Das Kriegerdenkmal in Kalk

Was findet die neugierige Spaziergängerin auf dem alten Friedhof Kalk? Ein mysteriöses Kriegerdenkmal, bei dem der militärische Bezug klar, aber der konkrete Zweck lange nicht mehr ersichtlich ist. Schauen wir uns das Ganze genauer an.

Wir betreten den alten Friedhof von der Kapellenstraße über den ersten Eingang, passieren vereinzelte Grabstätten und orientieren uns am höchsten (und einzigen) Denkmal im Park. Es steht etwas hinter Bäumen versteckt mittig im Park.
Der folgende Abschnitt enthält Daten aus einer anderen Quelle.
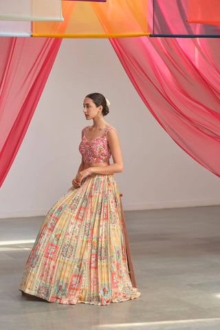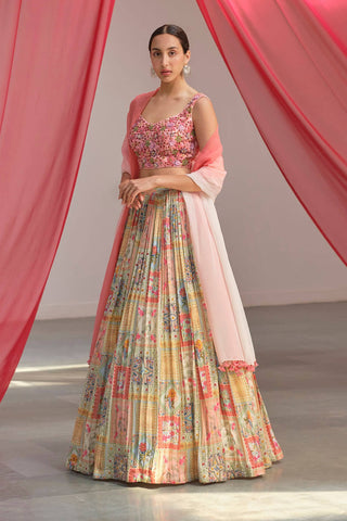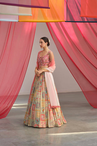 Festive, Hand Work Detailing, Bright Colours, Fresh And Festive, Pink Floral Blouse, Silk Printed Lehenga Highlighted With Hand Work All Over, Summer

Das Kriegerdenkmal auf dem alten Friedhof Kalk

Lorbeer, Kanonen und ein kopfloser Adler

Das Denkmal steht auf drei Stufen und einem quadratischen Unterbau. Auf dem Unterbau ruht ein Quader, der auf zwei von vier Seiten folgendes Motiv trägt: einen Kranz, zur Hälfte aus Eichenlaub und zur Hälfte aus Lorbeer, mit einem Schild in der Mitte, auf dem keine Inschrift mehr erkennbar ist. Auf den beiden „leeren“ Seiten muss früher auch etwas gewesen sein, zumindest sieht die Oberfläche bearbeitet aus.

Das Kriegerdenkmal aus der Nähe

Auf diesem ersten Quader sitzt, etwas zurückgesetzt hinter Säulen, ein weiterer Quader. Er ist auf allen vier Seiten blank, wobei Befestigungen davon zeugen, dass hier dereinst Tafeln befestigt waren. Über den Tafeln erkennen wir, fast am besten erhalten, auf allen vier Seiten militärische Insignien wie Kanonenrohre und Säbel. Mein persönlicher Favorit ist der Adler mit weit geöffneten Flügeln, der seinen Kopf verloren hat und nun eher wie ein gerupftes Hühnchen aussieht.

Trauriger kopfloser Adler

Den oberen Abschluss bildet ein Steinpfeiler, auf zwei Seiten mit Siegerkranz und großen (Palm-?) Blättern dekoriert, mit einem darauf liegenden Helm. Der Helm versteckt sich im Moment in einer Holzkiste und kommt sicher im Frühling wieder zum Vorschein.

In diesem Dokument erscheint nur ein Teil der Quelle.